Он и не заметил, как увлекся. История давно минувшего — это, оказывается, очень и очень интересно! Пожалуй, не менее интересно, чем проблема существования внеземных цивилизаций…
Из сосредоточенности его вывел придушенный женский вскрик. Багров поднял голову, вздрогнув не столько от крика, сколько от внезапной тишины в автобусе, которая последовала за этим. Пассажиры с одинаковым выражением замешательства смотрели в окна. Кто-то отпрянул, кто-то, наоборот, прильнул к стеклам, а кто-то замер на полуфразе, еще не осознав, что происходит.
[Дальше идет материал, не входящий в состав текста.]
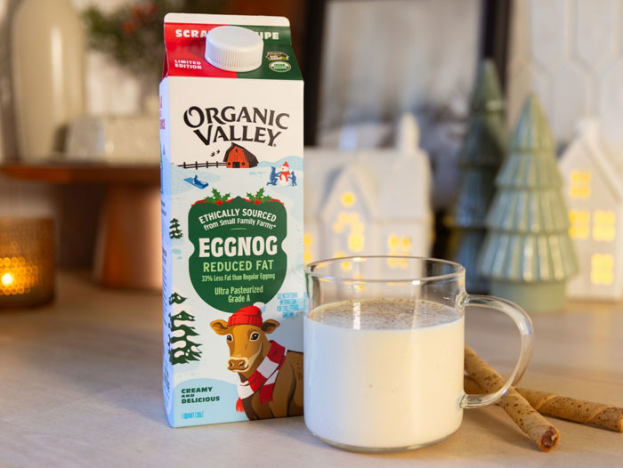“We heard loud and clear from consumers that eggnog is an important part of their winter traditions, so, we came together as a co-op to work hand-in-hand with our small family farmers to make it a reality,” said Jaclyn Cardin, Chief Brand Officer at Organic Valley. “We’re excited to introduce this made-from-scratch recipe which consumers preferred over our prior full fat recipe. Made with organic ingredients, it is truly creamy and delicious, and there is really nothing like it available in the marketplace.”

Багров глянул туда, куда смотрели все, и сердце дало перебой.
Шоссе, по которому катил автобус, сближалось с линией высоковольтной передачи. В пейзаже не было ничего особенного: мокрое с жухлой ботвой картофельное поле, ажурные мачты на нем, кромка дальнего перелеска, пологий выгиб холма под сереньким безрадостным небом. Но то, что было меж мачтами и что в первое мгновение показалось Багрову веретенообразным, рыхлым, нелепо, как на картине сюрреалиста, составленным из треугольничков телом, чудовищна противоречило всем формам и краскам земли. Более всего оно напоминало груду непонятно как висящих в воздухе брикетов спрессованного дыма.
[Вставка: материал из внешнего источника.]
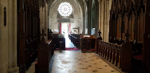 Lovely church. Usually admire this from the outside but today it was open. Wow!! Fantastic stained glass windows all around. High vaulted ceiling and very tall church tower. Head inside to the alter and to the left...

Словно кто-то другой отметил в Багрове нелепость такого сравнения (когда и где он видел спрессованный дым?!). И тут же опроверг сомнение, поскольку материя тела была одновременно неподвижной и шевелящейся, четкой и расплывчатой, телесной и невесомой. Страшное своей противоречивостью сочетание.
Долгая минута, в которой замерли все звуки, дальние предметы скачком приблизились, а ближние расплылись цветовыми пятнами, прошла. Багров осознал, что автобус движется, как ни в чем не бывало, что шоссе удаляется от всего этого ужаса, что тишина уже исчезла — пассажиры шумно обсуждали увиденное.
Багров слышал голоса как бы из другого пространства. Он, экзобиолог, понял, кажется, чем это было. Верней, чем это могло быть.
У него было ощущение человека, летящего в пропасть. Дать немедленную разрядку мог разве что истерический смех. Он едва удержался, чтобы не метнуться по проходу к шоферской кабине. Зачем? Этого Багров не знал. Он видел достаточно, чтобы понять — нельзя терять ни минуты. Провода связи, подобно нервной сети, оплетают всю поверхность земного шара. Отвлеченно рассуждая, любой человек в последней трети двадцатого века, взяв телефонную трубку, может быстро соединиться с любым другим обитателем планеты. Технически это возможно.
Мысленно Багров наметил путь. Выслушать и поверить сможет лишь тот человек, который доверяет ему. И обладает достаточным кругозором, чтобы оценить ситуацию. И смелостью, чтобы действовать. И весом, чтобы к его словам прислушались… Ясно, кому он позвонит, — академику Двойчеико!..
Автобус, тормозя, выехал на площадь.
8.28 по вашингтонскому времени — 15.28 по московскому
— Говорю с вами по поручению президента. Прошу объяснить, что происходит.